→ TASK OBJECTIVE
Look below for the line with "Ideální knížka pro". Retype it and every line after it to the end, exactly, but leave out the pictures.

========

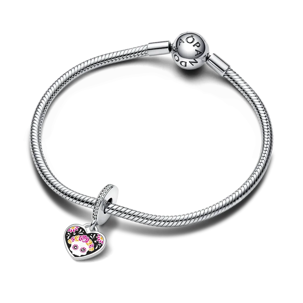 Celebrate the spirit of DÃa de los Muertos with the Day of the Dead Sugar Skull Charm. This heart-shaped dangle charm is beautifully crafted in sterling silver and features a row of sparkling cubic zirconia on the bale, adding a touch of sparkle. The heart itself is engraved with a traditional sugar skull design, complete with a colorful flower crown, and adorned in vibrant shades of black, pink, and orange. A meaningful tribute to the tradition of honoring loved ones, this charm is perfect for bringing joy and remembrance to your collection.
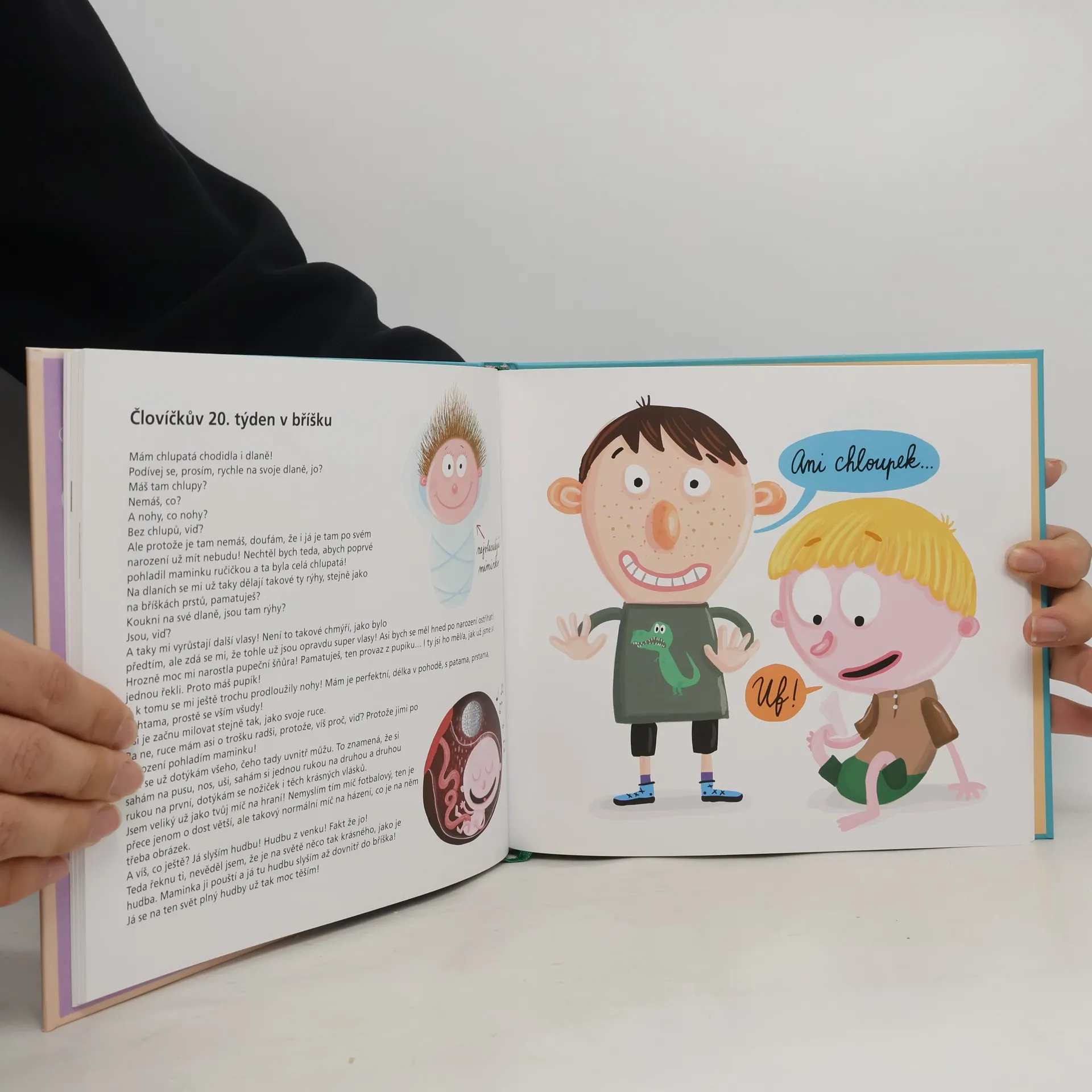 Ideální knížka pro budoucí starší sourozence, ale i zvídavé jedináčky Věděli jste, jak miminko prožívá dobu před svým narozením? Kdy malému človíčkovi v maminčině břiše začínají růst nehty? Kdy si už dokáže cucat palec? Nebo jak čůrá? To všechno, a ještě mnohem víc, vámve 42 kapitolách, odstupňovaných podle týdnů těhotenství, poví ta nejpovolanější osoba. Samotné miminko v děloze. A věřte, že se nebudete ani chvilku nudit!
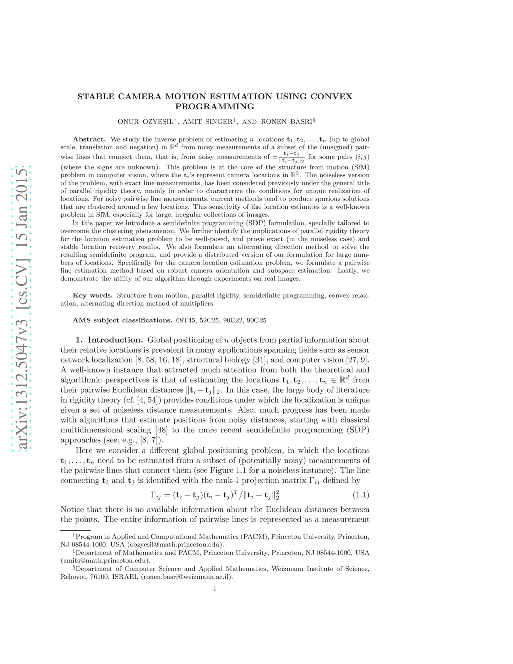 Stable Camera Motion Estimation Using Convex Programming
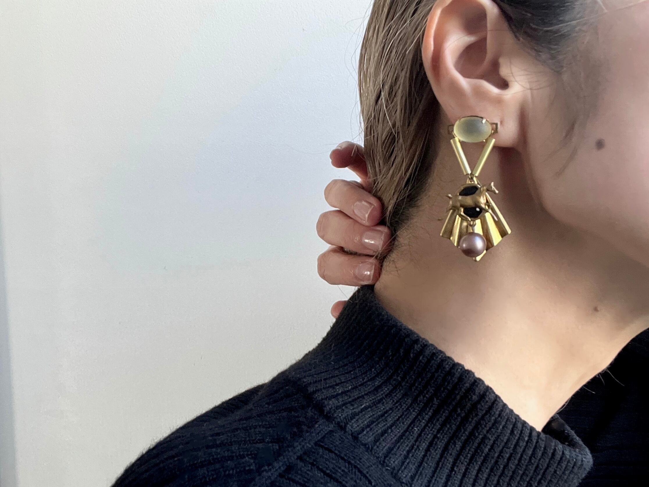 ヴィンテージパーツを使用してアシンメトリーなピアスを作りました。
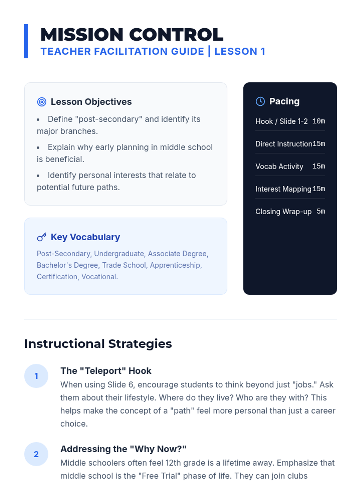 A comprehensive unit for middle school students to explore various post-secondary options including college, vocational training, military, and workforce entry, helping them connect current interests to future paths.
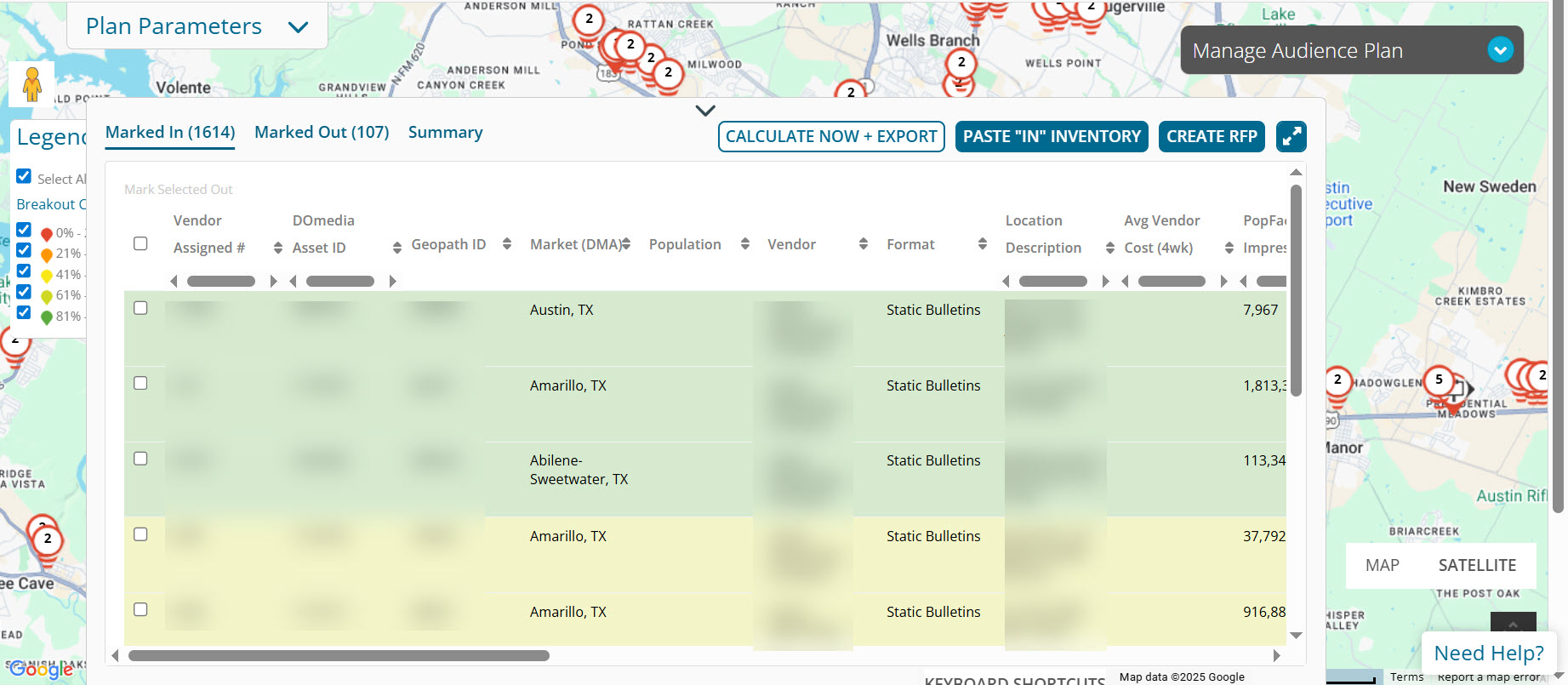 - These options will carry over client, campaign, campaign dates, audience, markets, and vendors into a new RFP. Specific units from the plan are not included in the grid to vendors.

========

→ THE ANSWER
 Ideální knížka pro budoucí starší sourozence, ale i zvídavé jedináčky Věděli jste, jak miminko prožívá dobu před svým narozením? Kdy malému človíčkovi v maminčině břiše začínají růst nehty? Kdy si už dokáže cucat palec? Nebo jak čůrá? To všechno, a ještě mnohem víc, vámve 42 kapitolách, odstupňovaných podle týdnů těhotenství, poví ta nejpovolanější osoba. Samotné miminko v děloze. A věřte, že se nebudete ani chvilku nudit!
 Stable Camera Motion Estimation Using Convex Programming
 ヴィンテージパーツを使用してアシンメトリーなピアスを作りました。
 A comprehensive unit for middle school students to explore various post-secondary options including college, vocational training, military, and workforce entry, helping them connect current interests to future paths.
 - These options will carry over client, campaign, campaign dates, audience, markets, and vendors into a new RFP. Specific units from the plan are not included in the grid to vendors.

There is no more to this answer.